*Exercise input*.

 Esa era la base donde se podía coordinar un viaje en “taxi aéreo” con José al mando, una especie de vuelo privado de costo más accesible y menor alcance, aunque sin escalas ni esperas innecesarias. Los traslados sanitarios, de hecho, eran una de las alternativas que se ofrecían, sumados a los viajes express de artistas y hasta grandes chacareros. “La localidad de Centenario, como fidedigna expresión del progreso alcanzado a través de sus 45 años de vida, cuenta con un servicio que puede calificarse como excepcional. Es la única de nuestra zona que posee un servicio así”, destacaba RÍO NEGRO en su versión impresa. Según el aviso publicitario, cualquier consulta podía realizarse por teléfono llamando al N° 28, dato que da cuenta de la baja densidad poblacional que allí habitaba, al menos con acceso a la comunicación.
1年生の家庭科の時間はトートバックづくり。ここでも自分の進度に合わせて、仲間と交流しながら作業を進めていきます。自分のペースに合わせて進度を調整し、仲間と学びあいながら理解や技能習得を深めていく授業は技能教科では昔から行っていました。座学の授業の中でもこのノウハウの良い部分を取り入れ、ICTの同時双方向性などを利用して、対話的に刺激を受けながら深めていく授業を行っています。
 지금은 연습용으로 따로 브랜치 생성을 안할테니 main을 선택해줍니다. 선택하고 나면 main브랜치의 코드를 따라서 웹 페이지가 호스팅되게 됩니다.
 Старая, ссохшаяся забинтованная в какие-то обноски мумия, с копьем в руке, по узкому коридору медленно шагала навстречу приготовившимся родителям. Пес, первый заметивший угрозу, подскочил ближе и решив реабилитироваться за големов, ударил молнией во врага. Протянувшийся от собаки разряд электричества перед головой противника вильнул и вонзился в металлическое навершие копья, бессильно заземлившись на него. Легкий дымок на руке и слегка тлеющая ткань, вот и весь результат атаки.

==

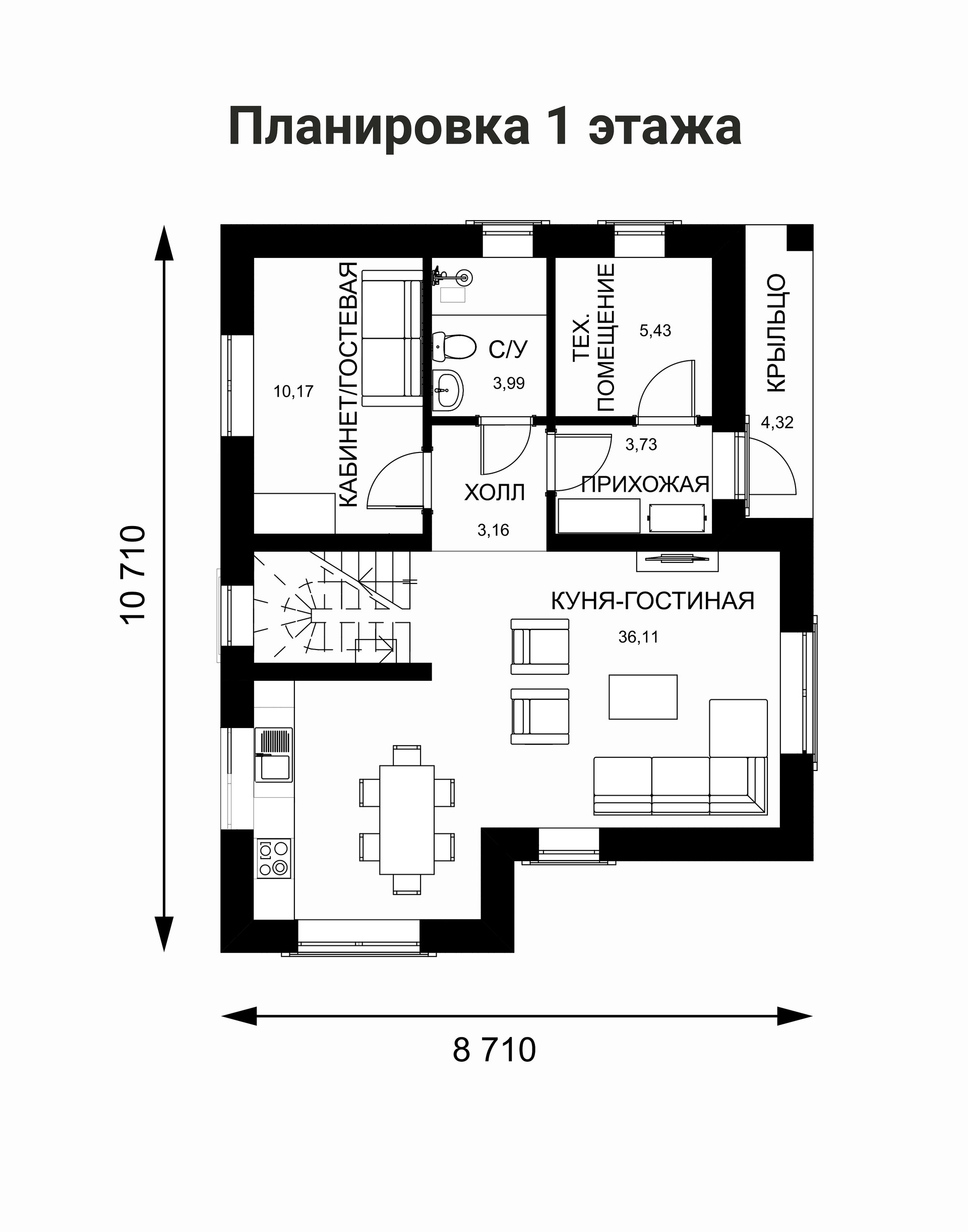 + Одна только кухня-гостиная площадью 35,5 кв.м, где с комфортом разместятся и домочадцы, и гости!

*Exercise objective*.
Extract from the listing above the lines between the line containing "지금은 연습용으로 따로" and the line containing "Старая, ссохшаяся забинтованная", keeping both of those lines. Output nothing else.

*Solution for this task*.
 지금은 연습용으로 따로 브랜치 생성을 안할테니 main을 선택해줍니다. 선택하고 나면 main브랜치의 코드를 따라서 웹 페이지가 호스팅되게 됩니다.
 Старая, ссохшаяся забинтованная в какие-то обноски мумия, с копьем в руке, по узкому коридору медленно шагала навстречу приготовившимся родителям. Пес, первый заметивший угрозу, подскочил ближе и решив реабилитироваться за големов, ударил молнией во врага. Протянувшийся от собаки разряд электричества перед головой противника вильнул и вонзился в металлическое навершие копья, бессильно заземлившись на него. Легкий дымок на руке и слегка тлеющая ткань, вот и весь результат атаки.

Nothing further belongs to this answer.